§ TASK ITEM: Everything from the line that contains "But the outside" through the final line of the records below should be quoted exactly, except the pictures.

§ DATASET EXCERPTS:
*** Block opens ***
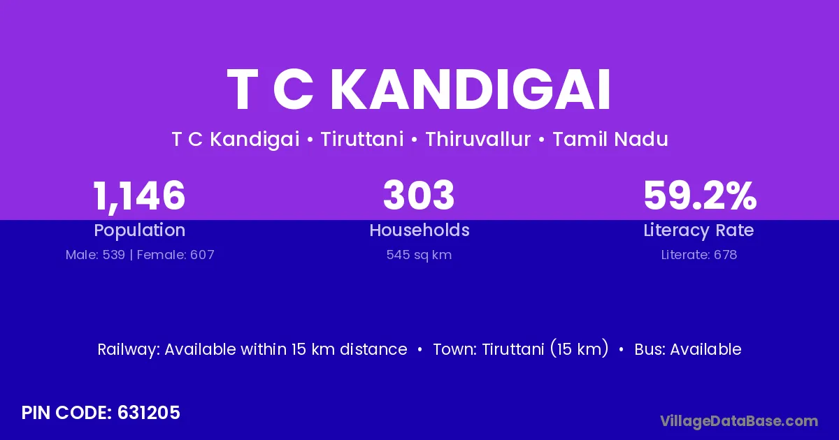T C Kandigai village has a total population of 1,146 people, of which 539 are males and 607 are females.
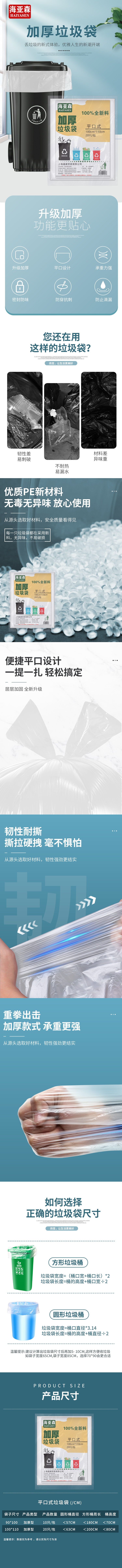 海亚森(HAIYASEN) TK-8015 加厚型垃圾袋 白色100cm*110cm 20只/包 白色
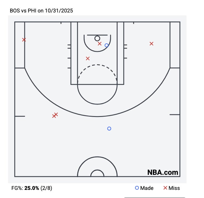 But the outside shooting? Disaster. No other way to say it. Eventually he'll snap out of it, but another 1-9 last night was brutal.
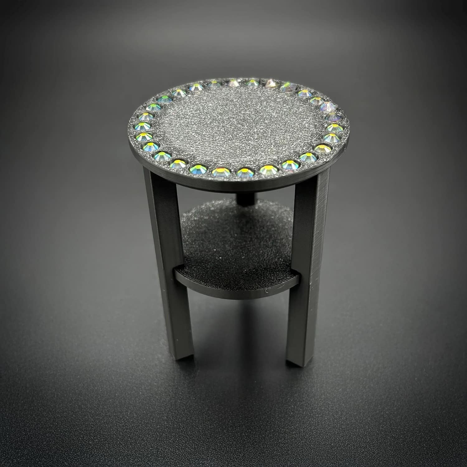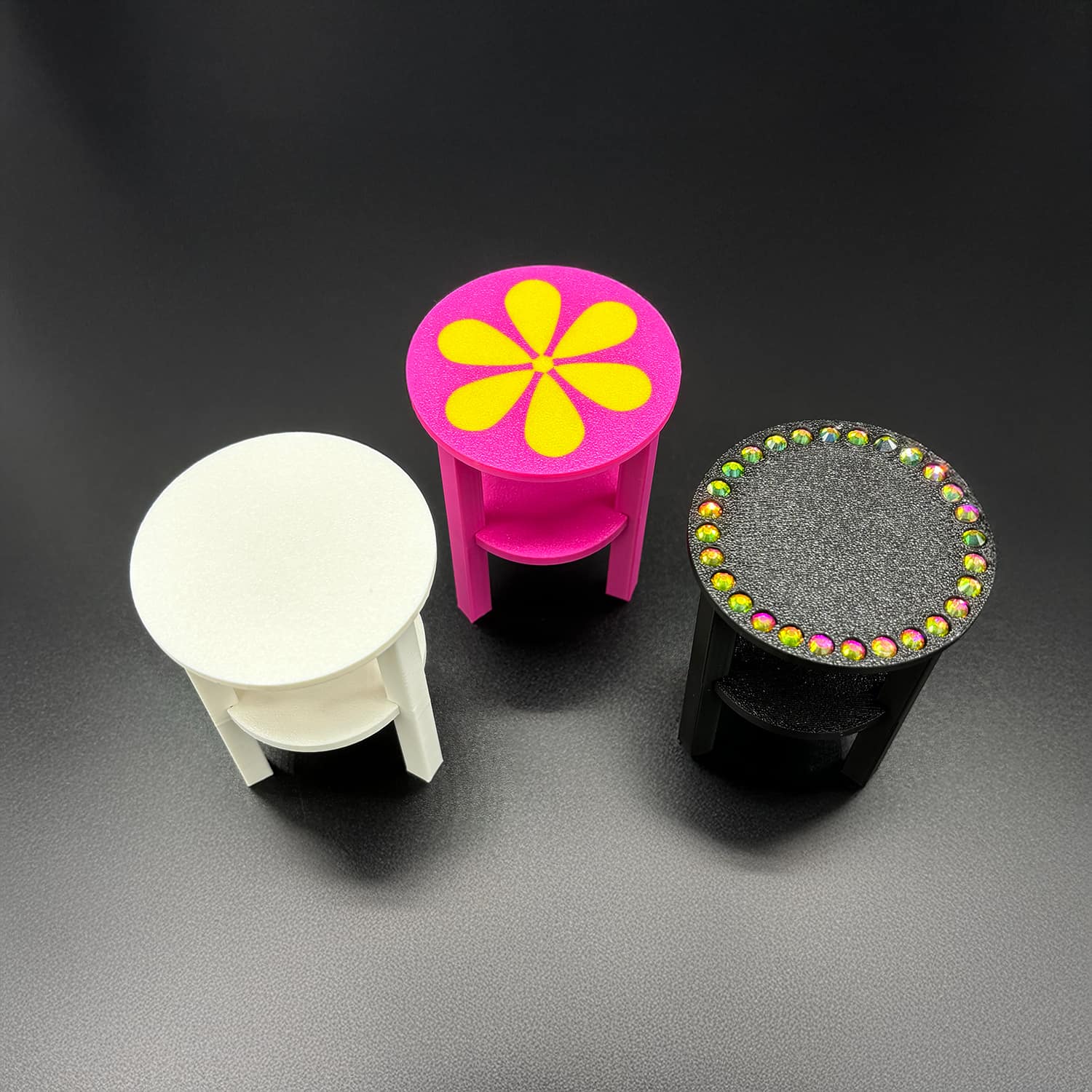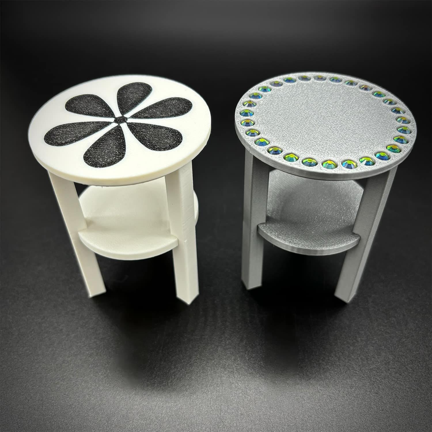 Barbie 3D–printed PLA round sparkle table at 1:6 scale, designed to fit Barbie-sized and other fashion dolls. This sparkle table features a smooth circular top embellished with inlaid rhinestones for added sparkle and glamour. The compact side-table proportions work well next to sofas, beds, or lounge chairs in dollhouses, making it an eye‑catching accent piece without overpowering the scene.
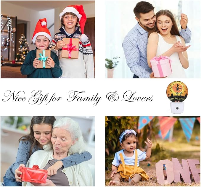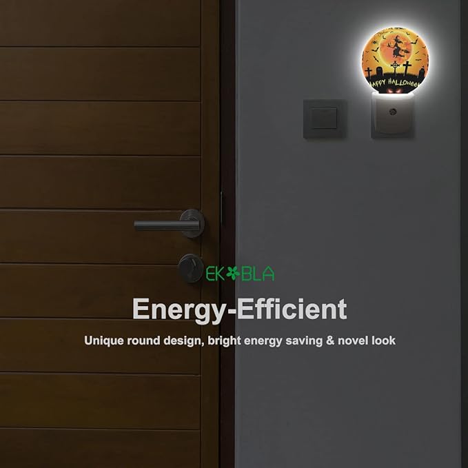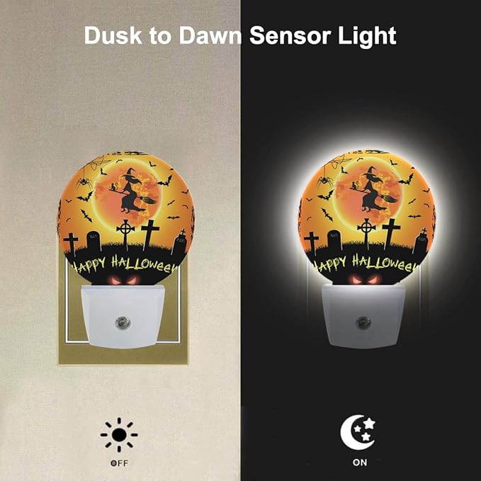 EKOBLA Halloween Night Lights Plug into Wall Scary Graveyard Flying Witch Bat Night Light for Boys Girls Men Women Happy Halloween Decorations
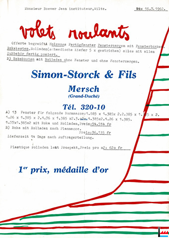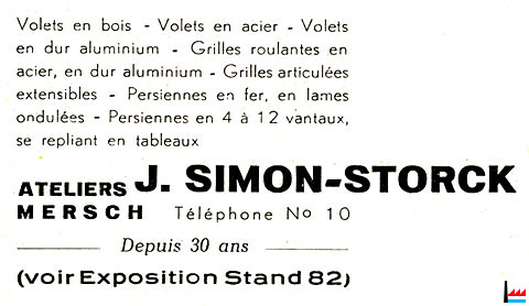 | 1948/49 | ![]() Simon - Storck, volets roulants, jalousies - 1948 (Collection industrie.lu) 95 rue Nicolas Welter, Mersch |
*** Block closes ***
§ OUTPUT OF THE EXERCISE:
 But the outside shooting? Disaster. No other way to say it. Eventually he'll snap out of it, but another 1-9 last night was brutal.
 Barbie 3D–printed PLA round sparkle table at 1:6 scale, designed to fit Barbie-sized and other fashion dolls. This sparkle table features a smooth circular top embellished with inlaid rhinestones for added sparkle and glamour. The compact side-table proportions work well next to sofas, beds, or lounge chairs in dollhouses, making it an eye‑catching accent piece without overpowering the scene.
 EKOBLA Halloween Night Lights Plug into Wall Scary Graveyard Flying Witch Bat Night Light for Boys Girls Men Women Happy Halloween Decorations
 | 1948/49 | ![]() Simon - Storck, volets roulants, jalousies - 1948 (Collection industrie.lu) 95 rue Nicolas Welter, Mersch |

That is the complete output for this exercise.